Written by William Shakespeare; directed by Sam Mendes
Previews began January 10, 2012; opened January 18; closes March 4
BAM Harvey Theatre, Brooklyn Academy of Music, Brooklyn, NY
bam.org
In Sam Mendes’ distressingly uneven production of Richard III, featuring Shakespeare’s most charismatic and evil villain, Kevin Spacey portrays the self-hating murderer with flamboyant verbal and physical tics that telegraph the Duke of Gloucester’s horrible behavior--he woos and weds a new widow, kills or turns the machinery that kills various other candidates in line to become king, among other dastardly deeds--as repulsive and attractive to the audience, just as Shakespeare wanted.
Richard’s opening soliloquy--“Now is the winter of our discontent”--is accompanied by so many winks and nods to remind the audience that it’s complicit in his connivance that it could just as well be the “Bard for Dummies” approach seen in Central Park each summer.
The talented Spacey overplays Richard’s “performing” throughout, looking to the audience conspiratorially or breaking character to comment--usually by gesture or eyebrow-raising, but once even imitating Groucho Marx--on his superiority to the others onstage. Some of this works, as we are supposed to go along for the ride against our will, but Spacey goes too far, and ends up beating to death Richard’s grotesquely roguish charm until it means nothing.
The volatility extends to the physical aspect of Spacey’s characterization. With a brace on his left leg, he walks with such a pronounced limp and twisted, even contorted movement that it’s painful to watch him stalk the stage. His tendency to bellow many of his lines (I’d say 75% of his dialogue is shouted) lessens the dramatic impact of his speeches, notably the final “My kingdom for a horse” speech, uttered so loudly he might as well be talking about how hoarse he is after a performance.
Spacey enunciates Shakespeare’s language so that it’s intelligible; his perfect diction helps in our being seduced by Richard’s words, especially in that amazing scene that only Shakespeare could pull off: Richard proceeds to beat down Lady Anne’s defenses and successfully woo her while her dead husband’s still-warm corpse is in the room. In this scene, Annabel Scholey impressively keeps up with Spacey’s breakneck pace, even while demonstrating that not shouting can make Shakespeare’s poetry equally compelling.

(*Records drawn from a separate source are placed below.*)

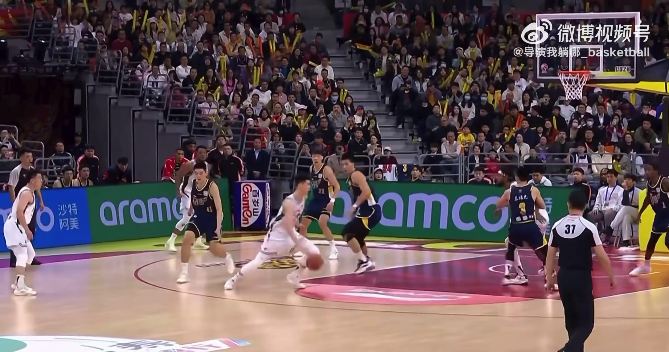这动作危险邬挺嘉劈叉投篮将扑防的徐杰绊出场外裁判未吹违体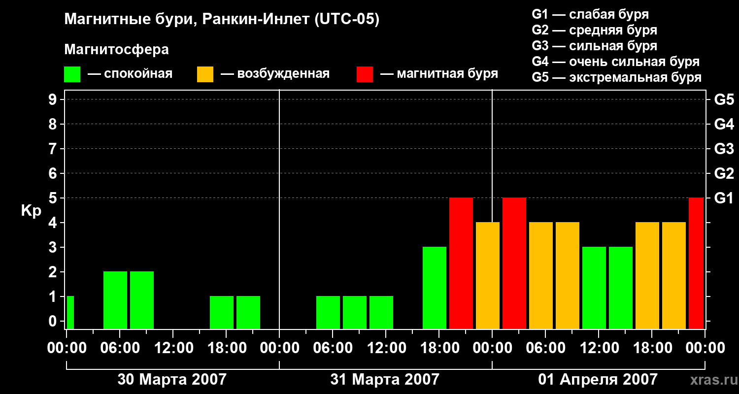 Магнитные бури в Ранкин-Инлете 1 апреля 2007 года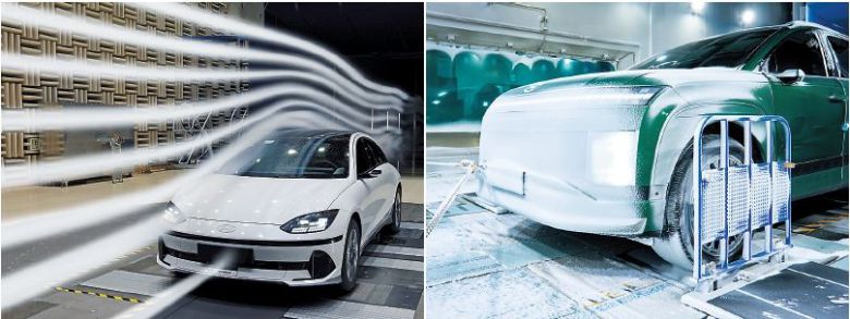 현대차·기아는 23일 미디어랩투어 행사를 통해 화성 남양연구소를 공개했다. 공력시험동에서는 아이오닉 6 차량으로 유동 가시화 시험이 진행되고 있으며(왼쪽) 환경시험동 강설챔버에선 아이오닉 9 차량에 강설 시험이 이뤄지고 있다. [현대차·기아 제공] |
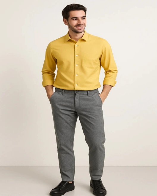 - Mustard Yellow Shirt Combination:Â Perfect for semi-formal and festive wear.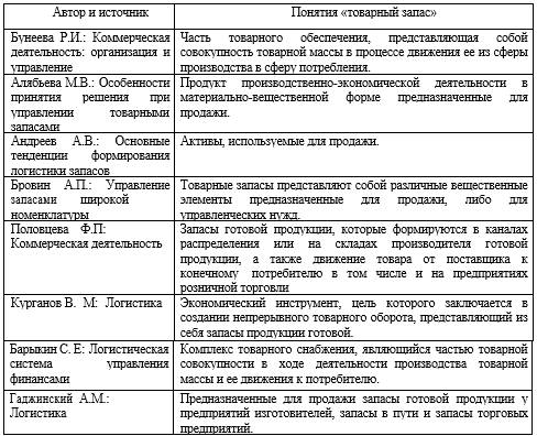 На основе приведенных понятий таблицы 1 можно сделать вывод, что одного общепринятого понятия товарных запасов не существует.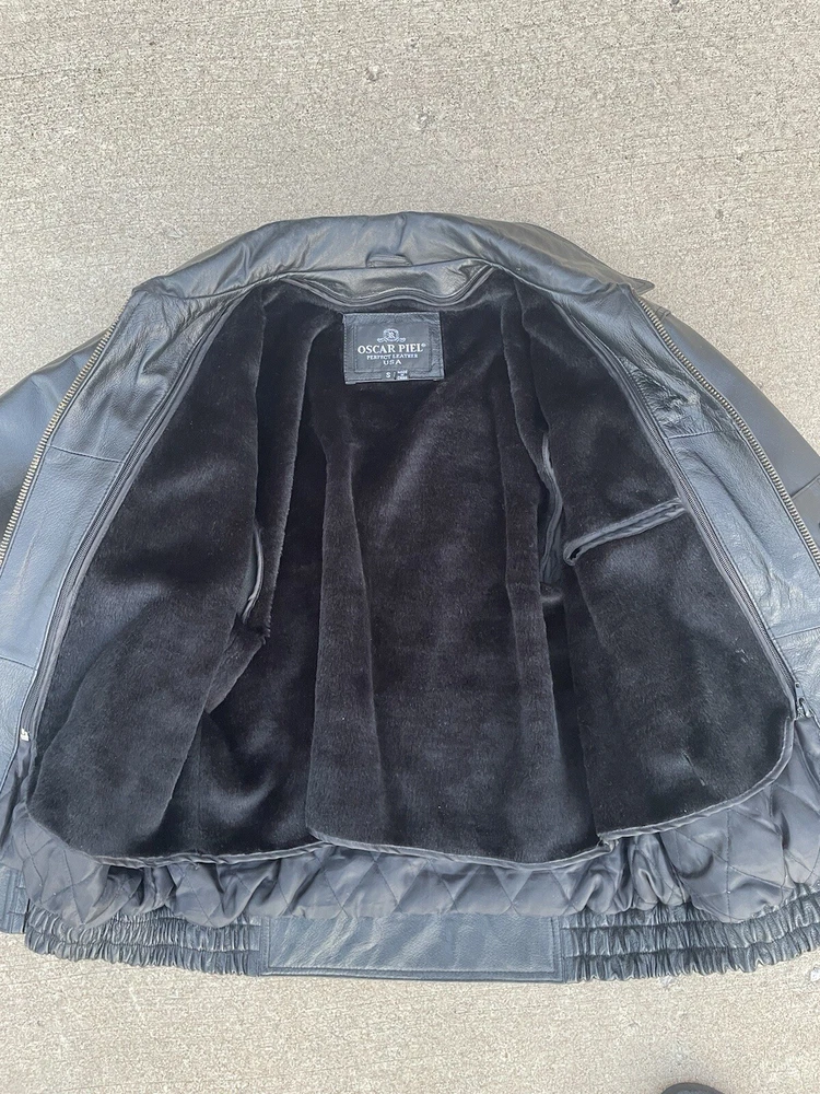 Color: Black Outer Shell Material: Leather Theme: Army Size: S Brand: Oscar Piel Type: Jacket Department: Men Size Type: Regular Style: Military Jacket

Mendes’ direction, swinging from the bravura to the mundane, never finds a proper tone or pace for a nearly 3-½ hour long evening. The two-hour long first act bounces around erratically, and even the second act’s swiftness doesn’t exonerate Mendes, who switches gears arbitrarily from realism to expressionism to surrealism in the final sequences with little forward thrust toward the inevitable catharsis. Even such gimmicks as Richard watching a grainy B&W movie at the beginning--he uses a remote to pause it before launching into his opening speech--or Richard on a giant video screen accepting the crown are never integrated into this modern-dress staging, but instead are left dangling on their own, like the desperate stratagem of projecting titles (“Elizabeth," “Richmond”) to help the audience keep characters straight.
Aside from Scholey’s Lady Anne, the forgettable supporting cast is topped by Haydn Gwynne’s nicely understated (but not underplayed) Queen Elizabeth. And Mark Bennett’s music--mostly drumming by ghostly cast members, with two side musicians doing double duty on more percussion--pounds away pointlessly, except maybe to drown out Spacey’s exhausting shouting.